▼▼▼

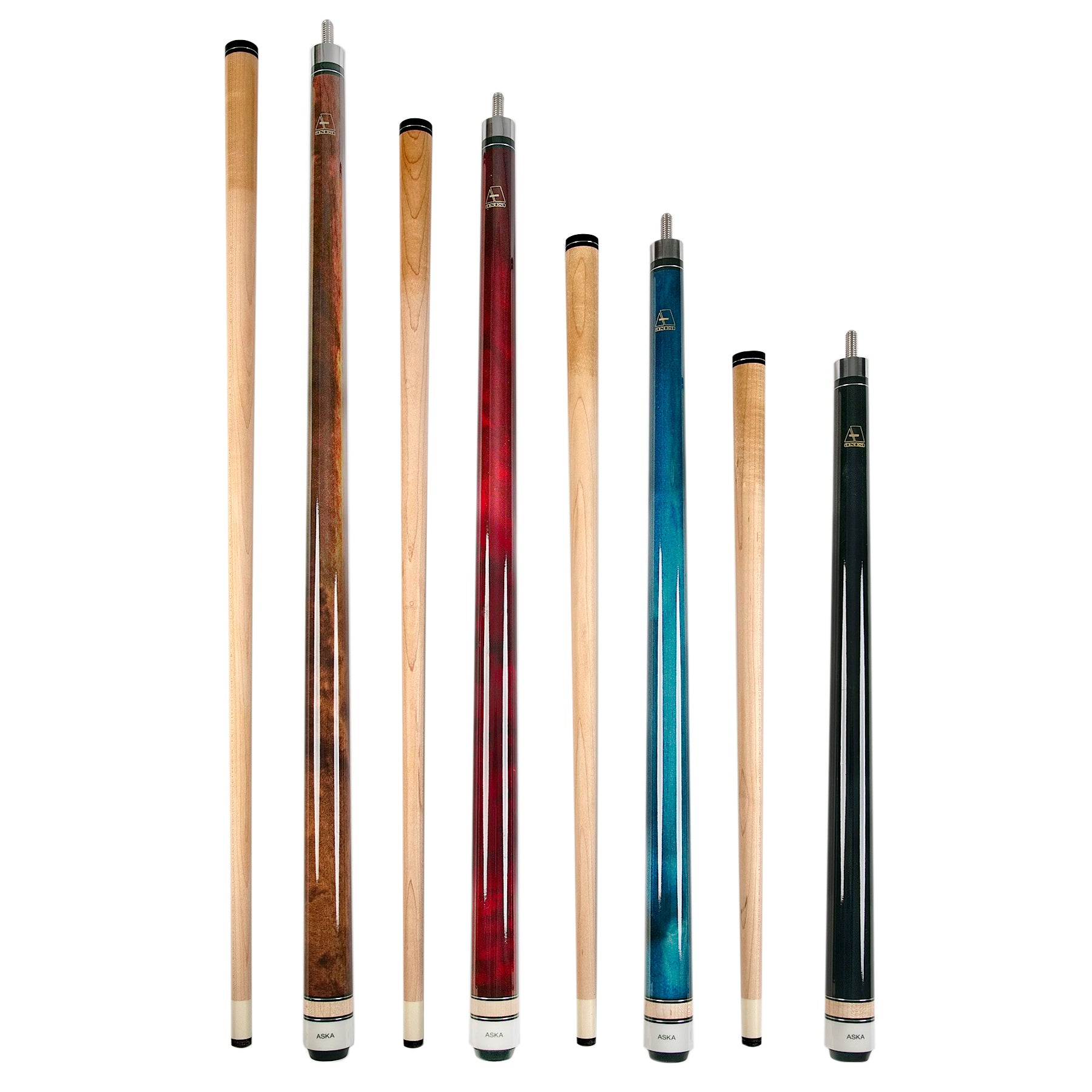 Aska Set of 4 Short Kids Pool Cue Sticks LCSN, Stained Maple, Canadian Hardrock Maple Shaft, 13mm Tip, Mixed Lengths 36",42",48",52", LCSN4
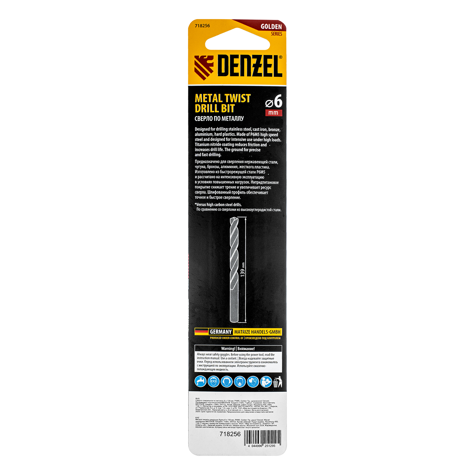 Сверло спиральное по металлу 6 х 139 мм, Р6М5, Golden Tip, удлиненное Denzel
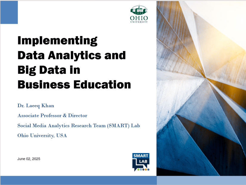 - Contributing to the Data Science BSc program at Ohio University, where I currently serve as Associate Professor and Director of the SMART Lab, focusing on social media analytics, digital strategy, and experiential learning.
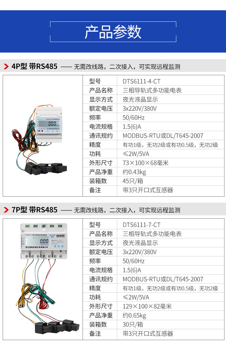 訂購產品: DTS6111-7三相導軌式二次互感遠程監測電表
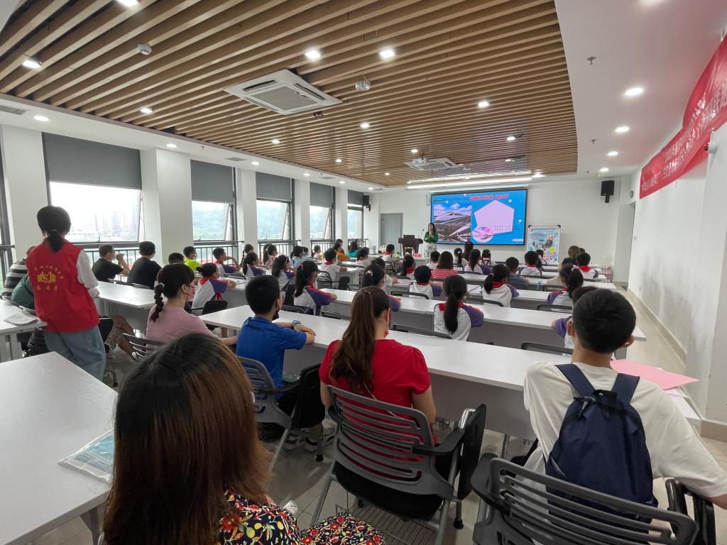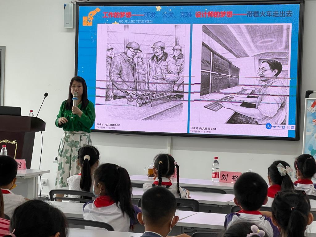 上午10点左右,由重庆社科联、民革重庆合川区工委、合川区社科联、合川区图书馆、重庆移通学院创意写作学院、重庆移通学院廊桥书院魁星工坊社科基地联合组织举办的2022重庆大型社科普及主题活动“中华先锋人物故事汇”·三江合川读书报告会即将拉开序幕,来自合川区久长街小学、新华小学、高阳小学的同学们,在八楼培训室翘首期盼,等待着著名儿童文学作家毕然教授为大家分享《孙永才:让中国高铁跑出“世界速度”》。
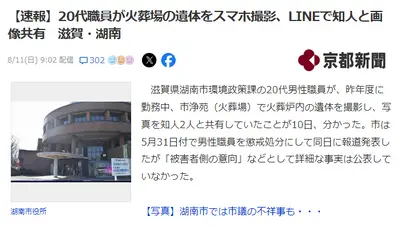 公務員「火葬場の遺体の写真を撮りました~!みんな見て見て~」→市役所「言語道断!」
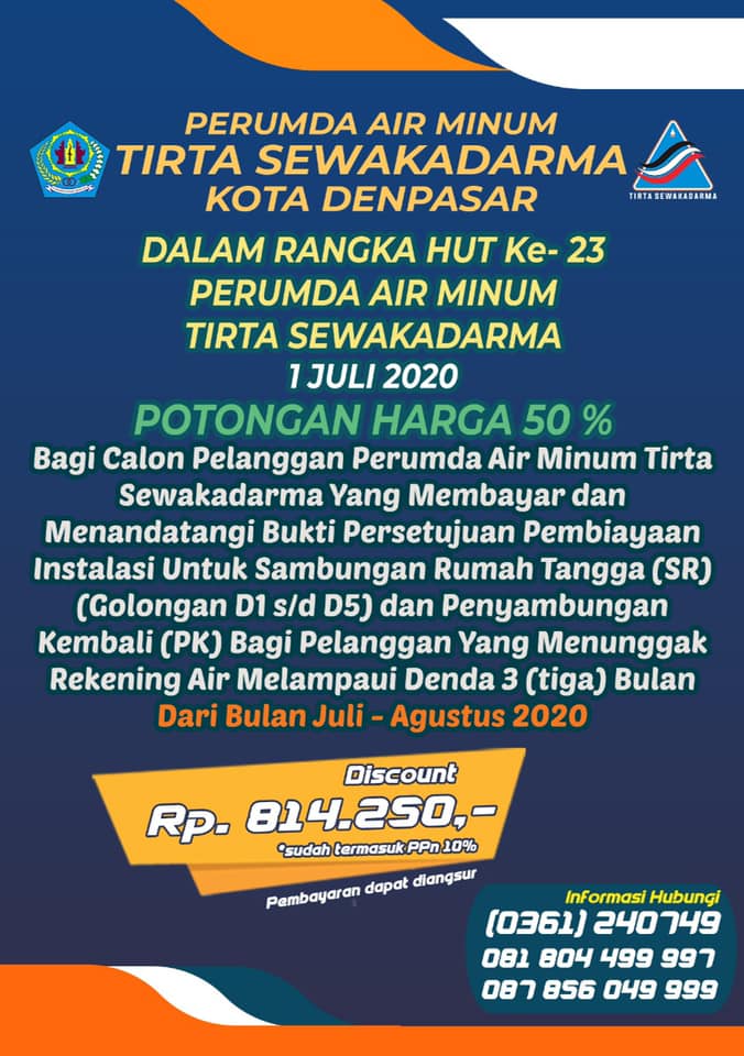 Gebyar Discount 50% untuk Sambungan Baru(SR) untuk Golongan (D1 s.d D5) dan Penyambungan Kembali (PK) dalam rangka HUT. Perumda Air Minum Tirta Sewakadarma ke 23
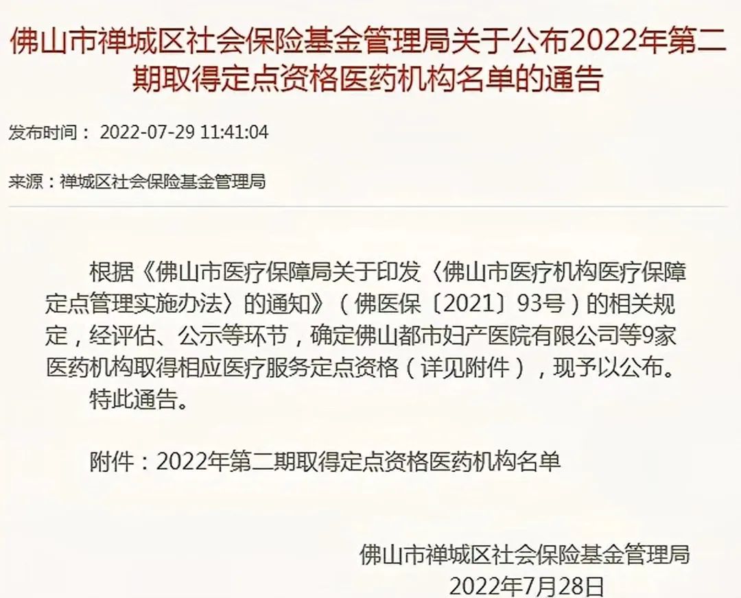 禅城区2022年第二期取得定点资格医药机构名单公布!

▲▲▲
▼▼▼

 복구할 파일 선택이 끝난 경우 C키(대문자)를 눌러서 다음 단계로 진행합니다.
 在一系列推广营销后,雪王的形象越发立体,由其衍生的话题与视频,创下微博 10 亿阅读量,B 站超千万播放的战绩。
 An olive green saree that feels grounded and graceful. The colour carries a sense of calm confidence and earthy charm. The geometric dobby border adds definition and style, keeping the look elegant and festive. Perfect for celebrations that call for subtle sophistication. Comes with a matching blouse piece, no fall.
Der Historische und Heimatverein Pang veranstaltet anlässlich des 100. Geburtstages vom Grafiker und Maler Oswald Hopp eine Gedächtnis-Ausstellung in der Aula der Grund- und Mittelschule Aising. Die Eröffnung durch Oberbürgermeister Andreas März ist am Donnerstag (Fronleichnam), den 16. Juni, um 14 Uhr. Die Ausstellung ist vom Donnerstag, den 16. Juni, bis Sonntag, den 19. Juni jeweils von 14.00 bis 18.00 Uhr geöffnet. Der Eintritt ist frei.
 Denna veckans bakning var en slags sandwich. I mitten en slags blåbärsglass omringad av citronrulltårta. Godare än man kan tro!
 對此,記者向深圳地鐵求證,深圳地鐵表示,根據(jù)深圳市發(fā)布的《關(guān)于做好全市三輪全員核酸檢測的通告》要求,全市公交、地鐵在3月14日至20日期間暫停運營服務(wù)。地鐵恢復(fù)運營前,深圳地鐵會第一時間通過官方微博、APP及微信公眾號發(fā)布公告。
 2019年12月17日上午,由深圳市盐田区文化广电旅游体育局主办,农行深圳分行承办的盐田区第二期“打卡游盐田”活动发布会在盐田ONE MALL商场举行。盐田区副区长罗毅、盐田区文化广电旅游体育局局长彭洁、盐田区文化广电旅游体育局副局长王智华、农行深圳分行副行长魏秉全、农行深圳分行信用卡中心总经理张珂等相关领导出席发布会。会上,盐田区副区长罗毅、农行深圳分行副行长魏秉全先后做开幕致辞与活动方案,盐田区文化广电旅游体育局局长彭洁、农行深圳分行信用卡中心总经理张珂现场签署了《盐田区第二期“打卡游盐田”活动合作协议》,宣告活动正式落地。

▲▲▲

-- GOAL OF THE EXERCISE --
Would you copy out exactly the lines above that start at the one containing "對此,記者向深圳地鐵求證,深" and end at the one containing "2019年12月17日上午,由深圳市盐田", inclusive?

-- EXERCISE RESULT --
 對此,記者向深圳地鐵求證,深圳地鐵表示,根據(jù)深圳市發(fā)布的《關(guān)于做好全市三輪全員核酸檢測的通告》要求,全市公交、地鐵在3月14日至20日期間暫停運營服務(wù)。地鐵恢復(fù)運營前,深圳地鐵會第一時間通過官方微博、APP及微信公眾號發(fā)布公告。
 2019年12月17日上午,由深圳市盐田区文化广电旅游体育局主办,农行深圳分行承办的盐田区第二期“打卡游盐田”活动发布会在盐田ONE MALL商场举行。盐田区副区长罗毅、盐田区文化广电旅游体育局局长彭洁、盐田区文化广电旅游体育局副局长王智华、农行深圳分行副行长魏秉全、农行深圳分行信用卡中心总经理张珂等相关领导出席发布会。会上,盐田区副区长罗毅、农行深圳分行副行长魏秉全先后做开幕致辞与活动方案,盐田区文化广电旅游体育局局长彭洁、农行深圳分行信用卡中心总经理张珂现场签署了《盐田区第二期“打卡游盐田”活动合作协议》,宣告活动正式落地。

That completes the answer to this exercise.